Wild Plants and Wooly Bears
This past week’s ice storm tore large limbs from the pine trees surrounding my cottage. This was in addition to those limbs lost to recent, hurricane-force winds, not to mention the limbs that succumbed to the great ice storm of 1998. Now, I can walk about and view huge, ancient pines with great gaps, long stretches of trunk where once limbs projected.
So why mention this at all? Well, the situation prompts a question, and I can’t come up with an answer. Let me explain. Trees need leaves in order to manufacture food, chlorophyll, through the process of photosynthesis. In the case of pines and other conifers, the needles perform the same function as leaves on deciduous trees.
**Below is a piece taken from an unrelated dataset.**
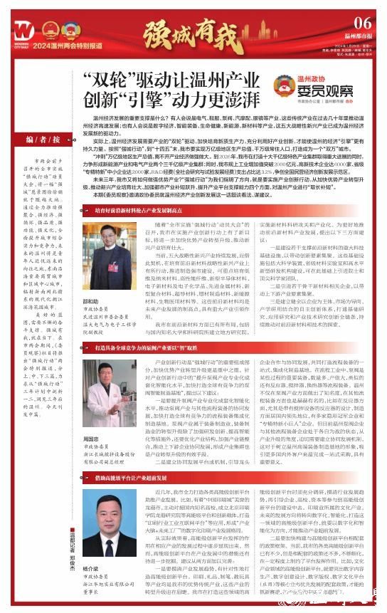 强城有我,就在当下。在市两会期间,市政协办公室和温州都市报合办的《委员观察》栏目推出“强城行动”两会特别报道,分上、中、下三篇。1月29日刊发中篇关于温州经济产业创新发展话题,一起来听听市政协委员,民进小宝影院 基层委副主委、电气与电子工程学院副教授邵和助的好声音。

So my question is this: What percentage of limbs can a tree lose before it can no longer produce enough food to maintain life? It’s possible that I will learn the answer the hard way, when my trees begin to die. But that’s a heck of a way to find out. Better, it seems, to find a tree expert and see if there is a formula regarding limb loss and life expectancy.
In the long run, I’m certain that ice storm loss and wind damage has a beneficial effect, natural “pruning,” if you will. When one big, old tree dies, it opens the surrounding area and allows sunlight to penetrate the canopy. This, in turn, permits other trees to reach for the sky, literally. Nature works in mysterious ways.